Mercury tealight holders

Pretty and twinkly as a rare gem, these votives are a safe bet for ambience enthusiasts.

$2.20–$3.31. West Elm, 109 Atlantic Ave., 416-537-0110.

 

You can do better than Crown Royal

Molecular Mixology Kit by Cocktail R-Evolution:

The Canadian whiskey comes with a bag. This nifty cocktail kit comes with three steel tools; 50 packets of molecular mixes to create bubbles,  foams, and cool suspensions; and a DVD of 30 recipes. $60.
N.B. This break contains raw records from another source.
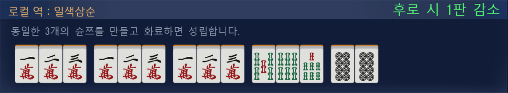 로컬 역 일색삼순(一色三順): 동일한 3개의 슌쯔를 만들어 화료하면 성립.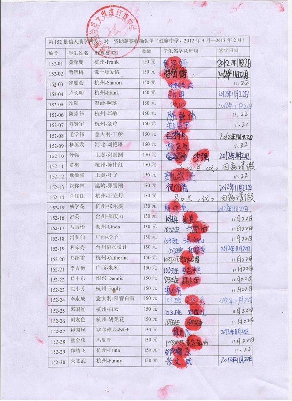 我们将收取全部六个学期的资助款,每学期初汇给委托老师浦理智老师,由浦理智老师按学期组织向受助学生发放资助费,最后我们统一在网上公布受助生领款签收单。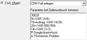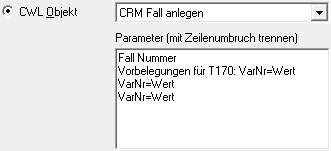Mit Hilfe des Objekts "CRM Fall anlegen" kann eine fest definierte CRM Aktion oder ein fest definierter CRM Workflow gestartet werden. Alle Einstellungen hierfür werden im Bereich "Parameter" vorgenommen.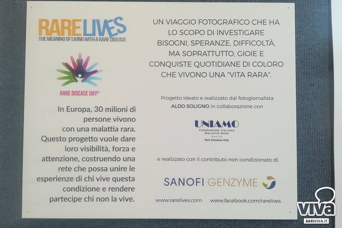 È stata inaugurata questa mattina preso il colonnato della Città metropolitana di Bari la mostra fotografica "Rare Lives. Il significato di vivere con una malattia rara" del fotoreporter Aldo Soligno, organizzata da Uniamo Federazione Italiana Malattie Rare con il supporto di Sanofi Genzyme, divisione specialty care di Sanofi. A tagliare il nastro il sindaco metropolitano Antonio Decaro e la consigliera Francesca Pietroforte. La mostra resterà aperta nel Colonnato della Città metropolitana di Bari fino al 3 marzo.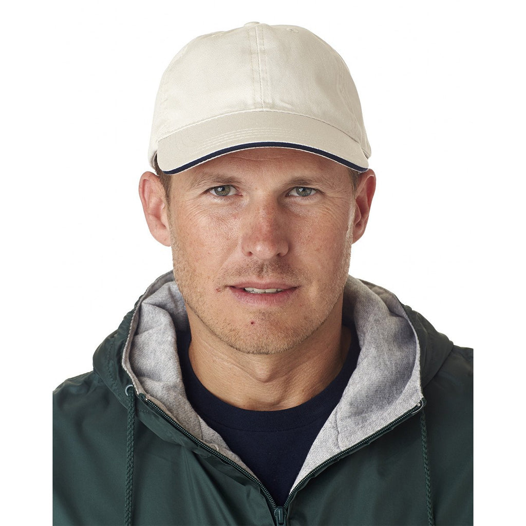 UltraClub Men's Stone/Navy Classic Cut Chino Cotton Twill Unstructured Sandwich Cap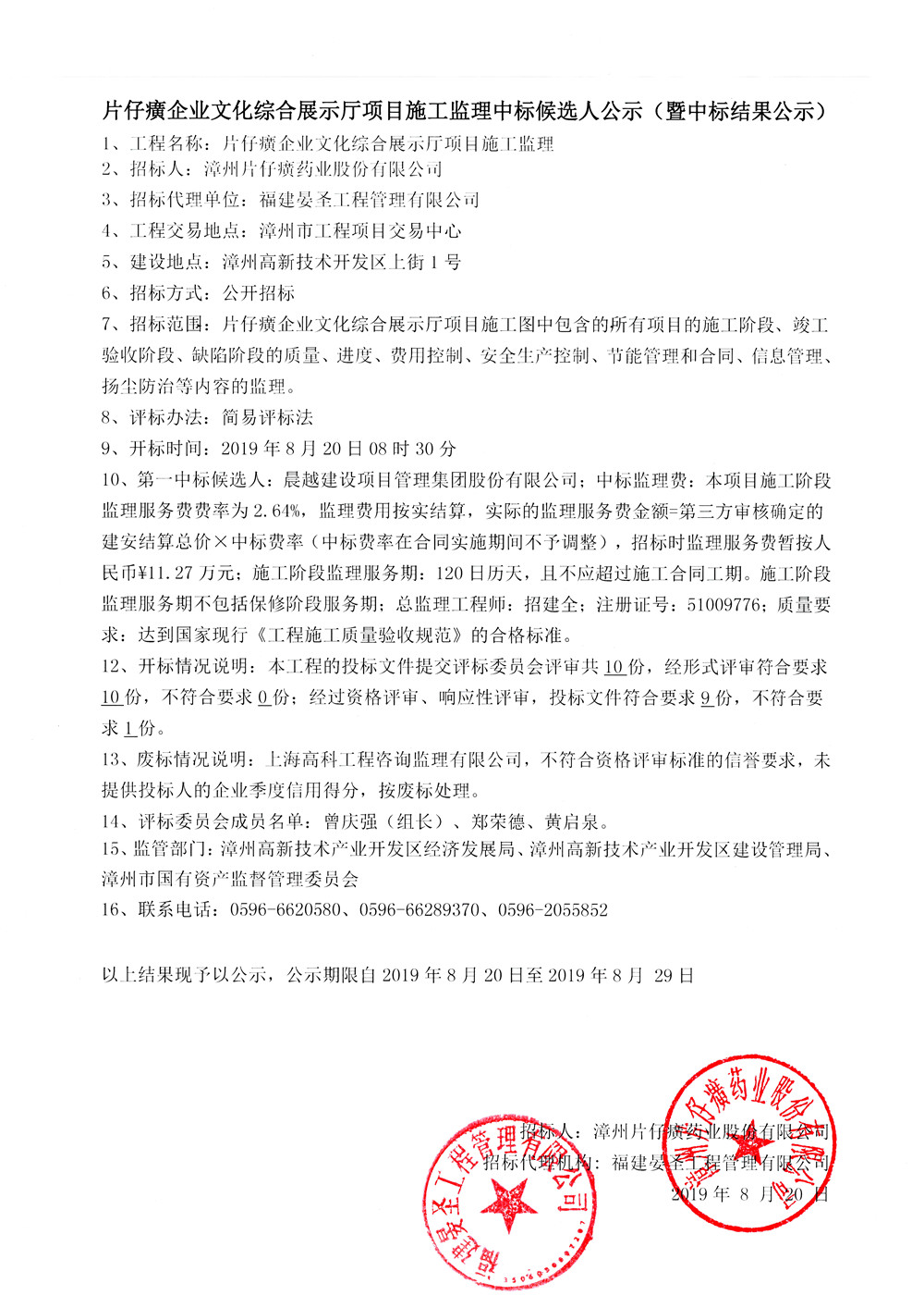 片仔癀企业文化综合展示厅项目施工监理中标候选人公示(暨中标结果公示)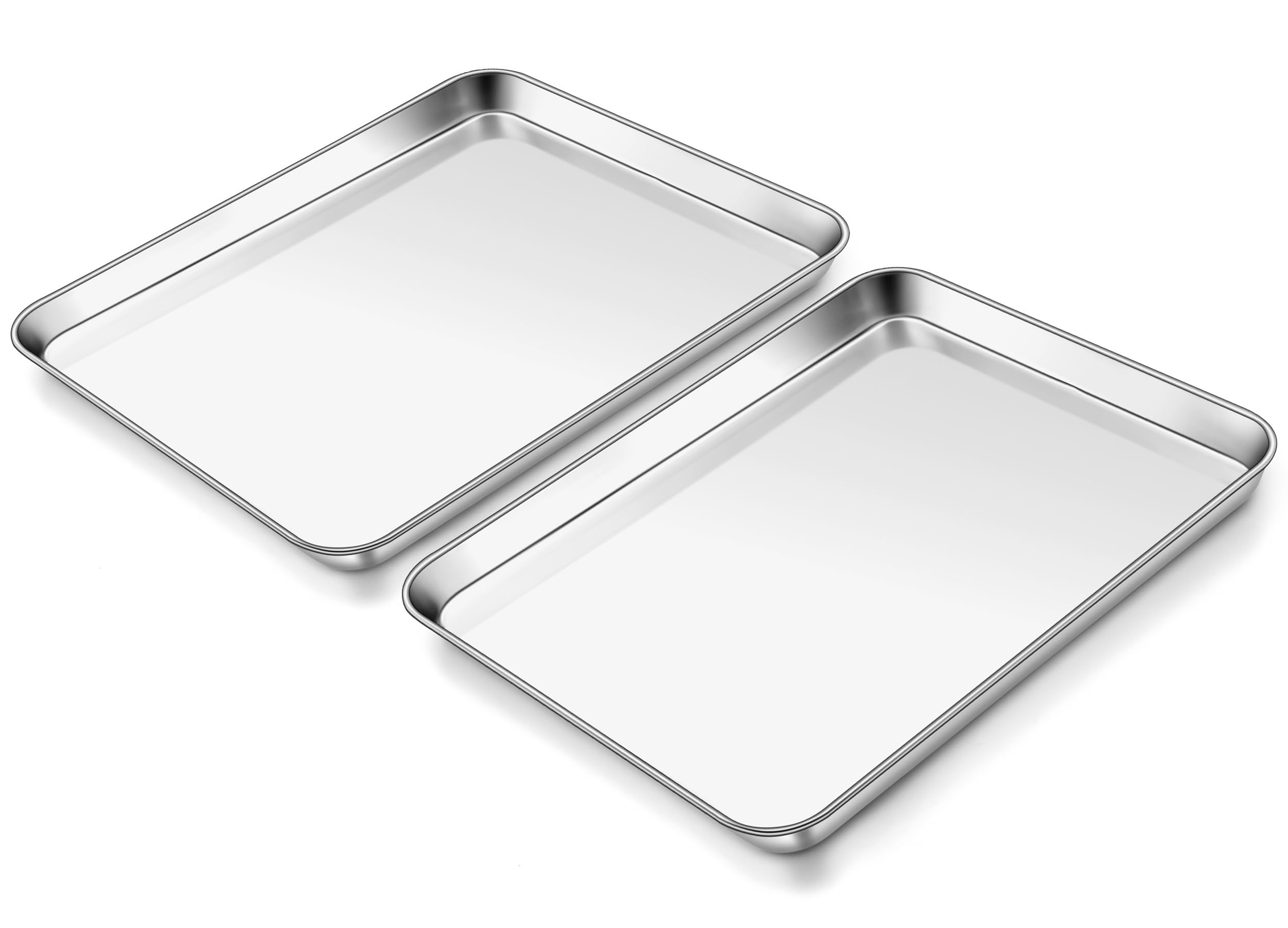 Versatile baking, 12.4 x 9.7 x 1 inch half sheet pans fit most regular toaster ovens, medium flat baking cookie tray great for sweet or savory baking, perfect for cooking delicious dinner meals, roasting chicken, broiling steak, baking cookies, sheet cake, pizza and more, also can be used as serving tray

BYOB Cocktail Emporium, 972 Queen St. W., 416-858-2932.

 

You can do better than Old Spice

Fig & Yarrow Hygiene Kit

Even the guy who flew food planes into your baby face wants to smell less like a dad, you know? Here, fancy mint-lavender tooth powder, an oral-hygiene rinse, and underarm lotion come packaged in cute apothecary bottles.

$30. The Drake General Store, drakegeneralstore.ca.

 

You can do better than Aveeno

L’Occitane Hand Creams of Provence

It’s cold outside and everybody’s chapped within an inch of their lives—sometimes, lotion just makes sense. Keep things classy (and French!) with this holiday box set.

$50. Sephora, sephora.ca.

 

You can do better than a tie

Amanda Christensen pocket squares

If we see one more uninspired football tie in Toronto, heads are going to roll. These spiffy squares are made of wool and silk and come in patterns like houndstooth, paisley, and (for the advanced sartorialist) peacock.

$45. Gotstyle, 62 Bathurst St., 416-260-9696.

 

You can do better than drugstore chocolate

Holiday confectionary apples

Pot of Gold has nostalgia in its favour, but Rocky Mountain’s candy apples have, well, flavour in their favour.

$12. Rocky Mountain Chocolate Co., 100 King St. W., 416-363-2462.

 

You can do better than socks

Faux-fur slouch booties

Socks again? You shouldn’t have. No, seriously—don’t. Upgrade the gift of footwear with these fuzzy slippers. $30. Indigo, chapters.indigo.ca.